The central notion conjured by the concept of museum storage would appear to be that of future use. This chapter investigates the teleology implicit in this notion. The dichotomy of storage and display looms large in contemporary museum practice: either something is shown or it is in storage, although displays of open storage aim to challenge this. There also appears to be an implicit conflation between display and use: displaying an object is often thought of as putting it to use, although this neglects museums’ research spaces where objects are used but neither stored nor displayed as such. At some level, the need for storage suggests that a given institution simply possesses ‘too much’ to display or use, generating new technological claims to accessibility, most notably ‘virtual’ access via online platforms, especially through digital photography. But perhaps most important is the way museum storage has given rise to narratives of object bounty yet also endlessly deferred promises of value. Such promises appear linked, in turn, to a modern utilitarian assumption that such collections will prove useful or displayable or accessible at some point in the future – even though this future moment may never in fact arrive. Museum storage might thus be seen as one of the great administrative apparatuses of modern institutions and understood as participating in the promise of bureaucratic efficiency, reminiscent of Latour’s centres of calculation (centres of storage) in his model of the production of scientific knowledge.

This chapter reflects on these themes in the performance of storage in relation to the collecting practices of Sir Hans Sloane (1660–1753). Sloane both pre-dates and undergirds modern narratives about the evolution of public museums: he collected, stored and displayed curiosities in his London home from the 1680s to the 1740s before willing his collections to the British nation.

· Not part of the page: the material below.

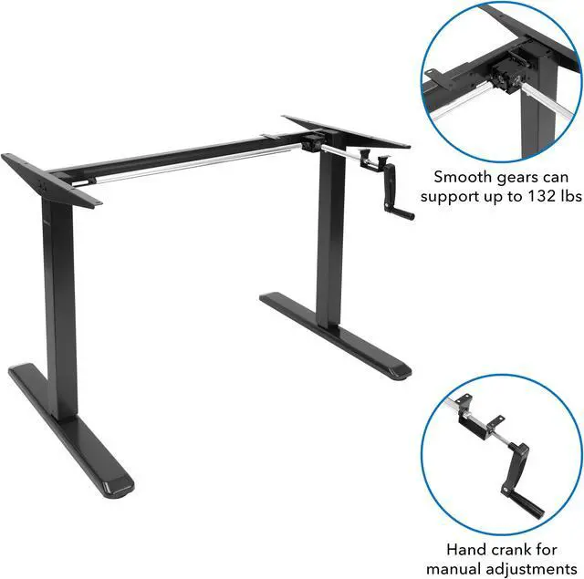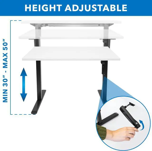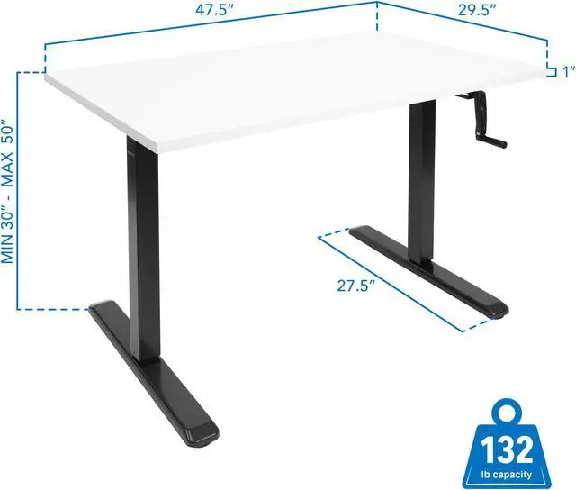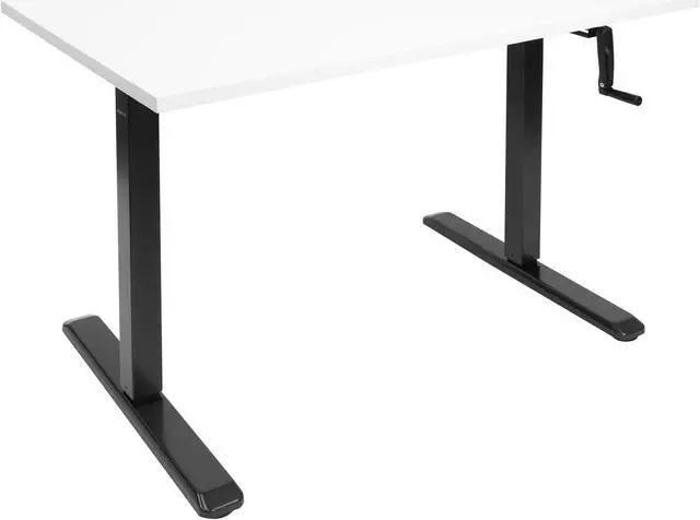 Upgrade to a sit-stand desk and improve health and productivity while you work. This compact desk with black frame and a 48" white tabletop enhances any type of workspace at home or in the office. Easy to use crank system adjusts the height of the desk between sitting and standing positions and makes this desk affordable and maintenance-free. The solid steel frame provides a durability that is sure to withstand heavy and repeated use. Say good-bye to the negative effects of sedentary work and enjoy an ergonomic workplace anywhere without the need for electricity.

In the process, he created the first national museum freely accessible to a universal public, in the form of the British Museum, which opened in 1759, thus marking the shift from Baroque aristocratic chambers of wonders to public galleries of useful knowledge in narratives of museum history. This chapter challenges the dichotomy between storage and display by examining how Sloane’s storage in fact functioned as a form of display – one that aestheticised his collections while exhibiting the technical prowess of his specimen preservation. It makes something of the Gothic connotations of ‘Tales of the Crypt’ by discussing how Sloane became something of a museological ‘madwoman in the attic’, as much of his collection was moved from display to storage (or indeed destroyed) by subsequent curatorial regimes at the British Museum, and became linked to discourses of embarrassment, monstrosity, madness and rubbish.